Personal information
- Date of birth: 7 September 1949 (age 76)
- Place of birth: Birmingham, England

Youth career
- Birmingham City
- Walsall

Senior career*
- Years: Team / Apps / (Gls)
- Paget Rangers

Managerial career
- AP Leamington
- 1983–1998: Kidderminster Harriers
- 1998–1999: Worcester City
- 2002: Cheltenham Town

= Graham Allner =

English football manager (born 1949)

Graham Allner (born 7 September 1949) is an English former football player and manager.

He was manager of Kidderminster Harriers from 1983 until 1998, winning the FA Trophy in 1987 and the Conference Premier championship in 1994.

==Early life==
Allner was born in Birmingham, England.

==Playing career==
Allner started his playing career as a schoolboy at Birmingham City before signing amateur forms at Walsall playing reserve football. After being released he drifted into non-league football, firstly at Paget Rangers, where he won the Midland Combination under the guidance of manager Rhys Davies. Allner had a trial with Aston Villa during the 1970–71 season. He then rejoined Davies at Alvechurch, winning another Midland Combination title in 1971–72. During that season Allner played in all 6 FA Cup games against Oxford City. Two years later he scored the winning goal against Exeter City in the FA Cup before eventually being knocked out by Bradford City. A trial at Hereford United followed in 1974 before signing for Stourbridge in September 1974 under Allan Grundy. He only spent a season at Stourbridge before moving to Redditch United, then quickly moving on to Bromsgrove Rovers.

He joined Stafford Rangers in 1976, spending two seasons with them. He joined Worcester City in 1978; in his first season they won the Southern Football League but injury sidelined him for most of the first Alliance Premier League season.

Allner then made his first entry into coaching, being appointed player assistant manager at Cheltenham Town.

==Managerial career==
Allner began his managerial career with AP Leamington. He led AP Leamington to the Southern League Premier Division in 1983. However, Leamington were denied promotion to the Football Conference, their place being taken instead by the club that had finished second that year, Kidderminster Harriers. Soon after this, Allner left Leamington and took charge at the Worcestershire club. Kidderminster quickly established themselves as a top non-league side under Allner's management, winning the FA Trophy in 1987 and reaching the final in 1991 and 1995, in addition to making the final of the Welsh Cup in 1986 and 1989. Their most successful season came in 1994–95 when they reached the fifth round of the FA Cup, knocking out second-tier side Birmingham City (Allner's first club as a player), and Preston North End. They also won the Conference title that season, but were denied promotion because their Aggborough ground was not deemed up to Football League standards.

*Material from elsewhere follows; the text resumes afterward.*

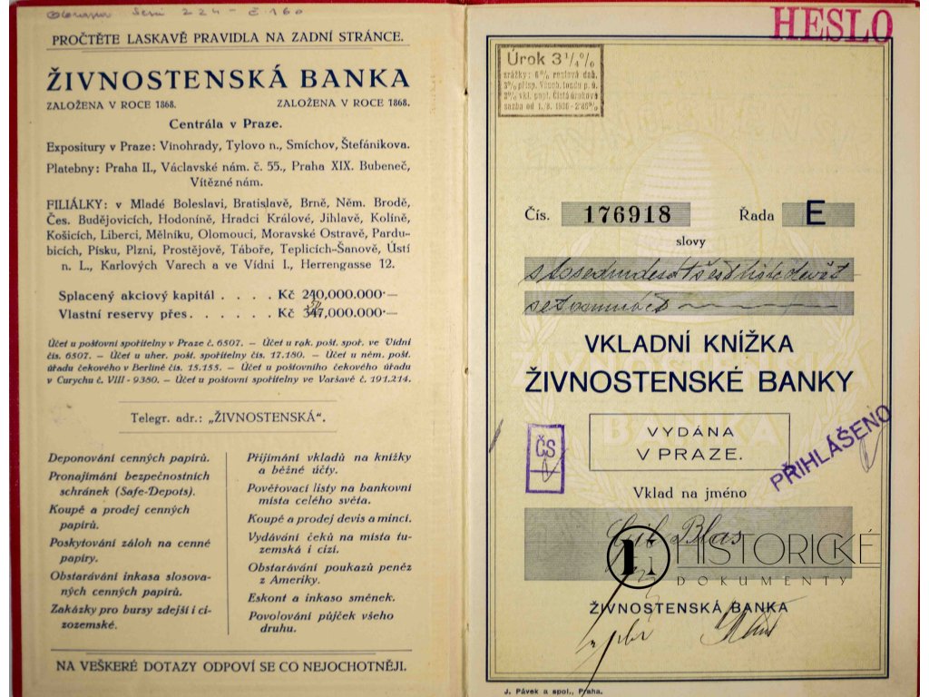 Vkladní knížka Živnostenské banky, 1936

Kidderminster almost made it to the Football League in 1996–97 after leading the Conference by 15 points at Christmas, but a storming run by close contenders Macclesfield Town pushed them into second place.

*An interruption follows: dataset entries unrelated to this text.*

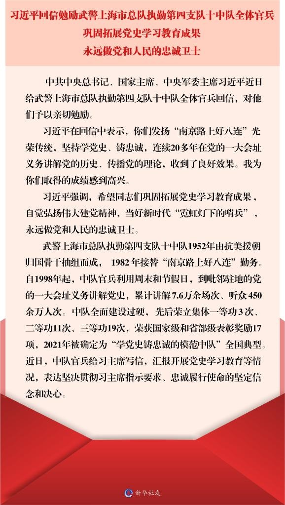 武警上海市總隊(duì)執(zhí)勤第四支隊(duì)十中隊(duì)1952年由抗美援朝歸國(guó)骨干抽組而成,1982年接替“南京路上好八連”勤務(wù)。自1998年起,中隊(duì)官兵利用周末和節(jié)假日,到毗鄰駐地的黨的一大會(huì)址義務(wù)講解黨史,累計(jì)講解7.6萬(wàn)余場(chǎng)次、聽(tīng)眾450余萬(wàn)人次。中隊(duì)全面建設(shè)過(guò)硬,先后榮立集體一等功3次、二等功11次、三等功19次,榮獲國(guó)家級(jí)和省部級(jí)表彰獎(jiǎng)勵(lì)17項(xiàng),2021年被確定為“學(xué)黨史鑄忠誠(chéng)的模范中隊(duì)”全國(guó)典型。近日,中隊(duì)官兵給習(xí)主席寫(xiě)信,匯報(bào)開(kāi)展黨史學(xué)習(xí)教育等情況,表達(dá)堅(jiān)決貫徹習(xí)主席指示要求、忠誠(chéng)履行使命的堅(jiān)定信念和決心。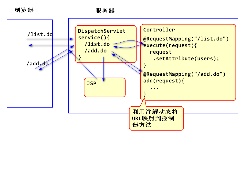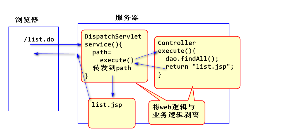 拆分的目的是将Web编程逻辑与业务处理逻辑进行剥离,将Web编程逻辑封装到前端控制器,达到简化子控制器逻辑,复用前端控制器的目的。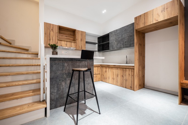 Phòng bếp sử dụng màu gỗ ấm, hài hòa với nội thất của nhà. Chất liệu bằng gỗ tự nhiên được xử lý chống mối mọt, chống ẩm nên không lo bị co ngót hay cong vênh.

Allner quit in November 1998 after almost 16 years in charge, and was eventually replaced by Jan Molby. A brief tenure as Worcester City manager followed.

He later worked as a coach under Steve Cotterill at Cheltenham Town and helped them win promotion to Division Two in 2002. When Cotterill moved to Stoke City a few weeks after the promotion triumph, Allner was promoted to the manager's seat but was sacked on 13 January 2003 with Cheltenham heading for relegation. His successor was Bobby Gould.